I have two df as below df1:
M1 |
-------+
a,b,c |
a |
b,c |
c,b,a |
b,a,d |
d,a,b,c|
a,d,c |
b |
c,d |
d,a |
df2:
X1 |X2
--------+---
a |1
b |2
c |3
d |4
a,b |5
a,c |6
a,d |7
b,c |8
b,d |9
c,d |10
a,b,c |11
a,c,d |12
a,b,d |13
b,c,d |14
a,b,c,d |15
can someone help me to match values in df1$M1 and df2$X1. and put the corresponding X2 value in column M2 as below
df1:
M1 |M2
--------+---
a,b,c |11
a |1
b,c |8
c,b,a |11
b,a,d |13
d,a,b,c |15
a,d,c |12
b |2
c,d |10
d,a |7
Can someone help me
X1
and M1
have to be stored as Characters. You can check with str(df1)

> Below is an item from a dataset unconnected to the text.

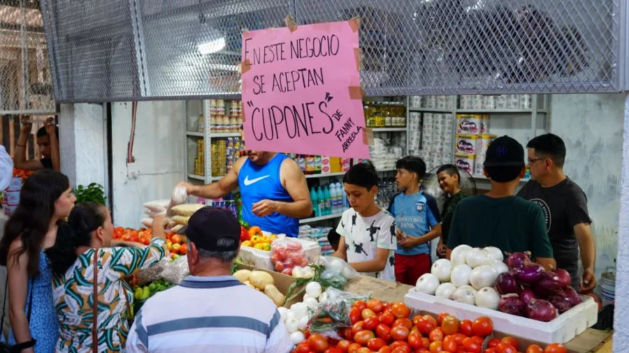 Fue el equipo Fanny Arreola, quien se dio cita en el mercado municipal, a fin de entregar estos vales para que la ciudadanía consuma productos de su despensa en los locales que resultaron afectados por el incendio que se registró el pasado mes de junio en estas instalaciones.
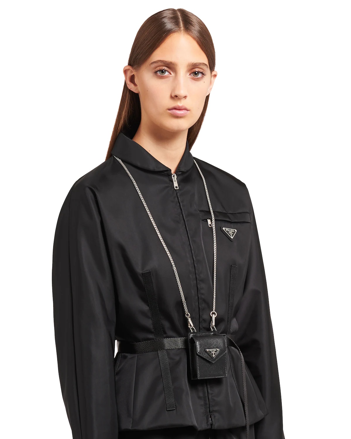The metal triangle logo decorates this Saffiano leather earphone case with neck strap. - Product code: 1TL403_QHH_F0632 - Snap fastener - Enameled metal triangle logo - Chain neck strap - Height: 8.5cm - Width: 6.5cm MATERIALS Leather

, and re-assign if necessary df1 <- as.character(df1$X1)
, and the same for df2
Then, create new columns with the values in alphabetical order:
df1$Ordered <- sapply(lapply(strsplit(df1$X1, ","), sort),paste,collapse=",")
df2$Ordered <- sapply(lapply(strsplit(df2$M1, ","), sort),paste,collapse=",")
Then perform a join like so:
merge(df1, df2, by="Ordered")
If you want to include all the values in df1
regardless of whether they have a matching value in df2
, add the all.x = TRUE
argument. Same logic applies adding all = TRUE
(include everything from both data frames), or all.y = TRUE
for df2
.